Monday, August 15, 2011

Rachel, They're Shooting Back Here!

As I've said of the 1000 Oaks homeless, "I learn from the great ones."

Did I say I'd send certain Secret Service personnel to GITMO? Yer damn right I did! C'mon assholes, let this H-bull out of the vc China Shop. Gettin' mighty noisy [and stinky] in here.

Q: What happens when skanky hitgirls try to interfere with H-blog activity?
A: Hughes says, "Screw it!" and attempts to pull the fire alarm of public buildings. Why GREEN Exit signs & YELLOW fire trucks? Never mind. This worked at Great Rivers and BJC Behavioral Health, so I figured I'd...

Q: Why no evacuation?
A: Couldn't find the damn fire alarm.

Q: What happened?
A: The McChicken Girl and her heavy purse fled, leading to Jane and I discussing whether the Goebel printer was working. When she mentioned her plans, and I cautioned her about safety in "mafia town," Jane said, rather confidently, "I can take care of myself." Further discussion of trivial matters seemed to inflame the spying rodents like no other tactic could. We chat regularly, so "they" hate it. Could get ugly, like the end of Enemy of The State.  Wil Smith falls to the floor and crawls out of the room, as I recall. The girls have opened fire?
CRACK-CRACK-CRACK.
"Oh Rachel, they're shooting in here! Could 'ya maybe help? Yes! It's gunfire, you idiots! Help! A fat one is down! The other two ran out the door! What the hell? Is that guy wearing shades out back deaf? Are you all crazy? I'm getting outta here before the cops come!"

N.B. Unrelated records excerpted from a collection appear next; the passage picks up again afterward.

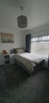 Lovely large bright room on first floor. It has a bed with storage underneath, a wardrobe two chests of draws, two bedside cupboards, mirror, tv, chair and desk. The bus route is a 2 min walk. Shared kitchen/dining area and garden. All bills except tv licence Inc. I have a small friendly dog. Washing and cleaning service included.
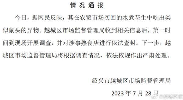 今日,据网民反映,其在农贸市场买回的水煮花生中吃出类似鼠头的异物。越城区市场监督管理局收到相关信息后,第一时间到现场开展调查,并对涉事熟食店进行依法查封。下一步,越城区市场监督管理局将根据调查情况,依法依规作出严肃处理。
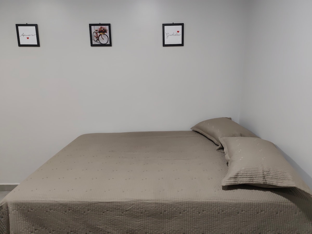 Quarto para duas pessoas com: -Ar condicionado split com ar frio e quente -TV slim com acesso a Internet; -Banheiro com chuveiro quente; -Mesa com duas cadeira; -Cozinha equipada com panelas, talheres, fogão, pano e etc; -Garagem coberta e acesso com controle; -Frigo bar; -Prédio com apenas um ano de construção; *Mercado - 650m *Farmacia - 550m *Padaria - 500m *Shopping - 1,7km *Vários restaurantes a uma distância curta.
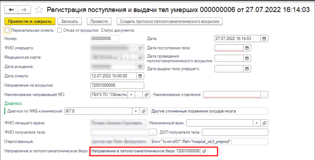 Заполнить открывшийся документ «Протокол патологоанатомического вскрытия», выполнить команду «Документ готов». Сформирован ШМД Протокол патологоанатомического вскрытия. Статус документа Регистрация поступления и выдачи тела на вкладке «Журнал регистрации» стал «Выполнен», снято выделение шрифтом.
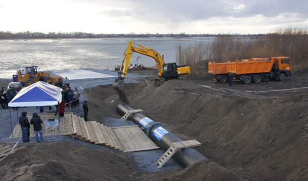 - Укладка. Методы включают протаскивание по дну (с рельсовым путем и вагонетками, тросом и лебедкой), свободное погружение, погружение с плавучих опор (понтонов для широких водоемов), последовательное наращивание или погружение со льда. Для предотвращения всплытия применяют балласт — полукольца из железобетона или седлообразные грузы. Траншея засыпается грунтом, намытым гидромониторами или привезенным на барже.
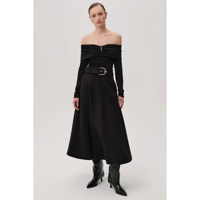 Ürün: Kemer Detaylı Cepli Regular Kalıp Midi Etek
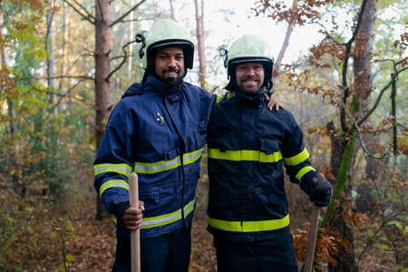 Happy firefighters men after action, stopping fire in forest and looking at camera.
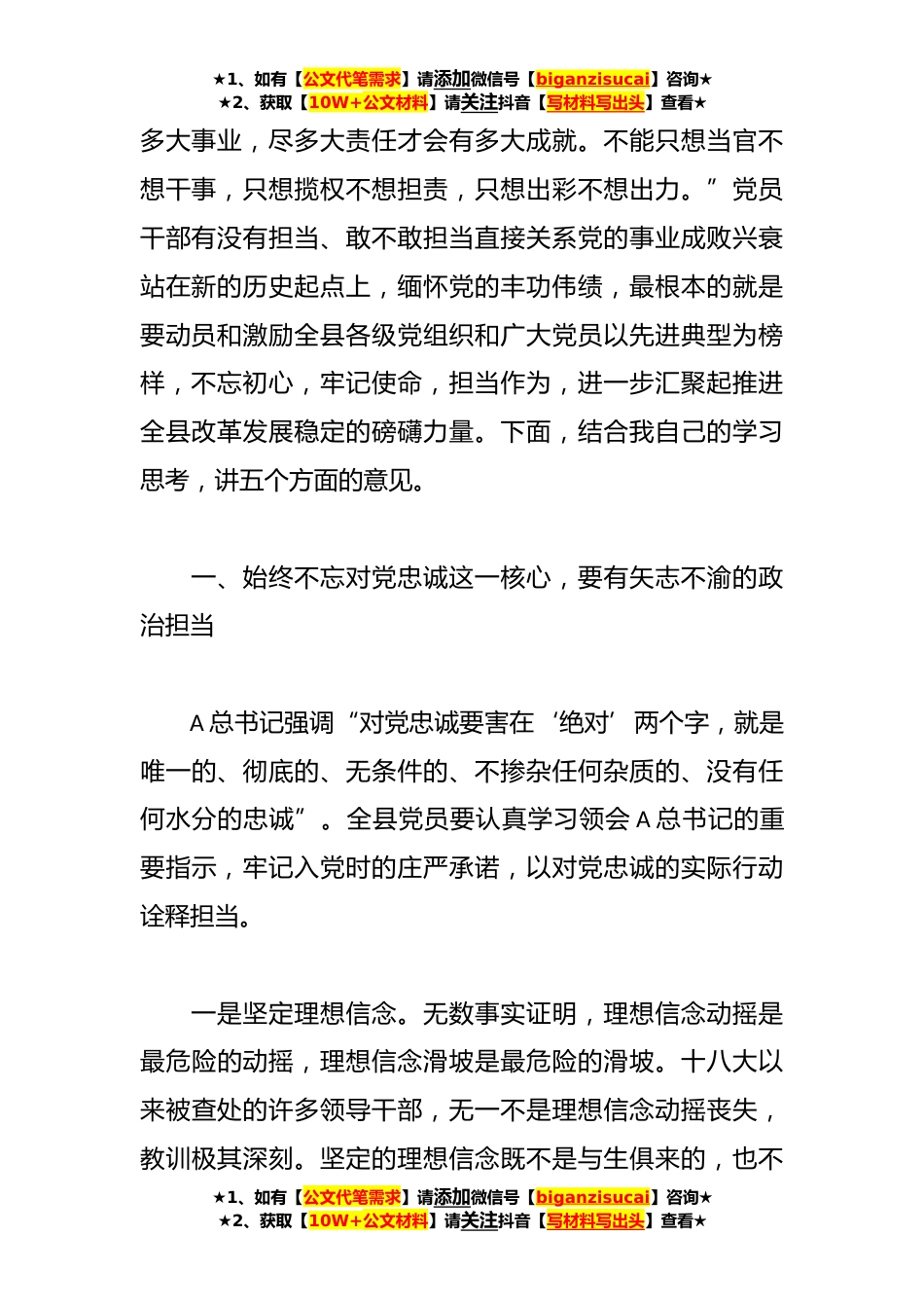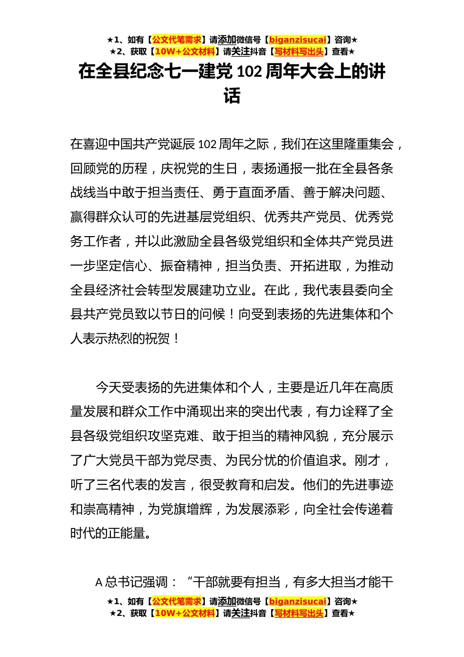 ★1、如有【公文代笔需求】请添加微信号【biganzisucai】咨询★★2、获取【10W+公文材料】请关注抖音【写材料写出头】查看★在全县纪念七一建党102周年大会上的讲话在喜迎中国共产党诞辰102周年之际,我们在这里隆重集会,回顾党的历程,庆祝党的生日,表扬通报一批在全县各条战线当中敢于担当责任、勇于直面矛盾、善于解决问题、赢得群众认可的先进基层党组织、优秀共产党员、优秀党务工作者,并以此激励全县各级党组织和全体共产党员进一步坚定信心、振奋精神,担当负责、开拓进取,为推动全县经济社会转型发展建功立业。在此,我代表县委向全县共产党员致以节日的问候!向受到表扬的先进集体和个人表示热烈的祝贺!今天受表扬的先进集体和个人,主要是近几年在高质量发展和群众工作中涌现出来的突出代表,有力...
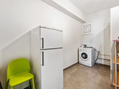 Diese Wohnung besteht aus einem Halle, WC, großer Abstellraum, Wohnzimmer, separate Einbauküche, Badezimmer mit Dusche und Waschmaschine, Schlafzimmer mit Doppelbett, Schlafzimmer mit 2 Etagenbetten.
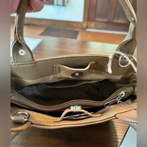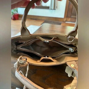 Woven crossbody/handbag, stone color vegan leather, adjustable strap, NWT
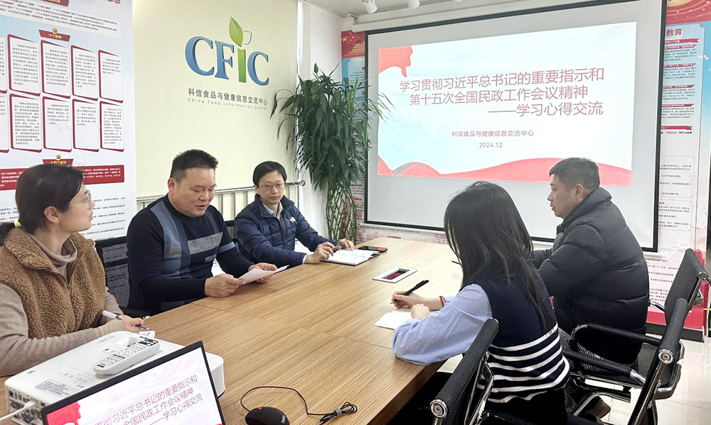 為深入學(xué)習(xí)踐行習(xí)近平總書記對(duì)民政工作重要指示和第十五次全國(guó)民政會(huì)議精神,根據(jù)部管社會(huì)組織綜合黨委要求,科信食品與健康信息交流中心黨支部于 2024 年 12 月 4 日組織召開了“學(xué)習(xí)貫徹習(xí)近平總書記關(guān)于民政工作重要指示和第十五次全國(guó)民政工作會(huì)議精神——學(xué)習(xí)心得交流”主題黨日活動(dòng)。會(huì)議由黨支部書記包大躍同志主持。
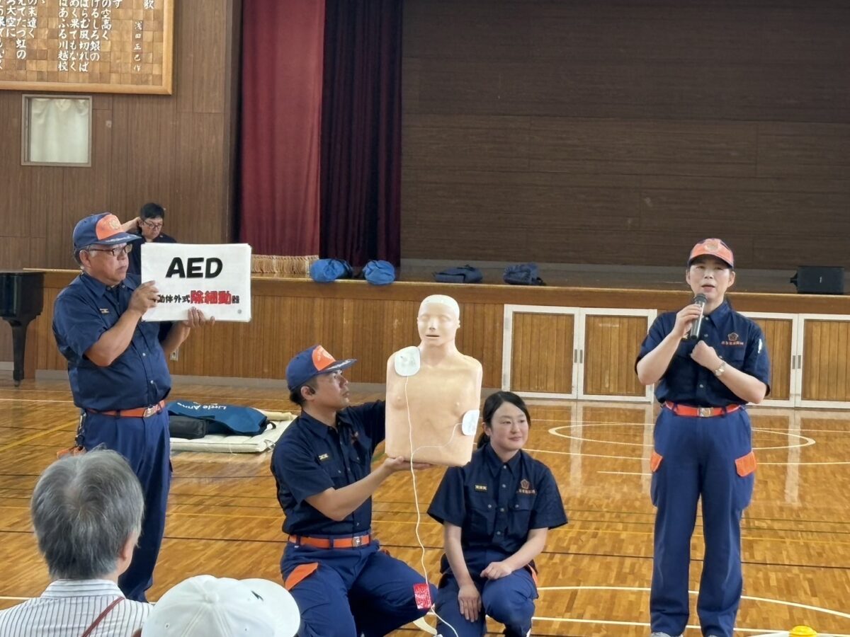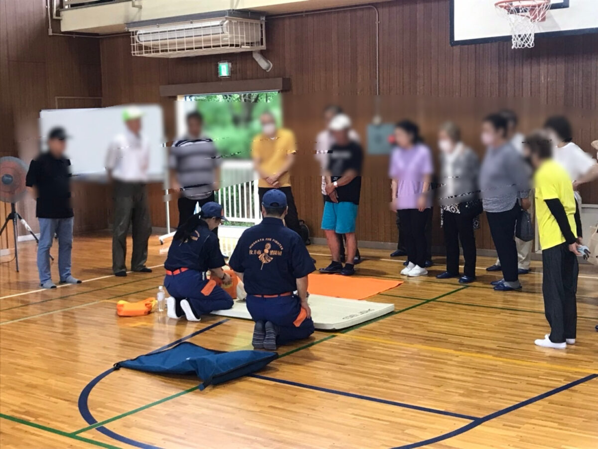 川越小学校区のみなさんで、倒れた人を発見し救急隊が到着するまでの一連の流れを行っていただきました。

Ready, girls? When they yelled, "The English lady went home!" they were telling the truth. I don't think so. It wasn't her! It wasn't her! Is the Mayor of London teaching me how to do security? Thanks, because I don't trust the SS. Out front of the Teen Center 'round Midnight? Man, did I feel stupid. Now she's putting that elbow & shoulder into rowdy Londoners, with makeup on as I suggested? Super awesome! O.S.I.J. is underway!!!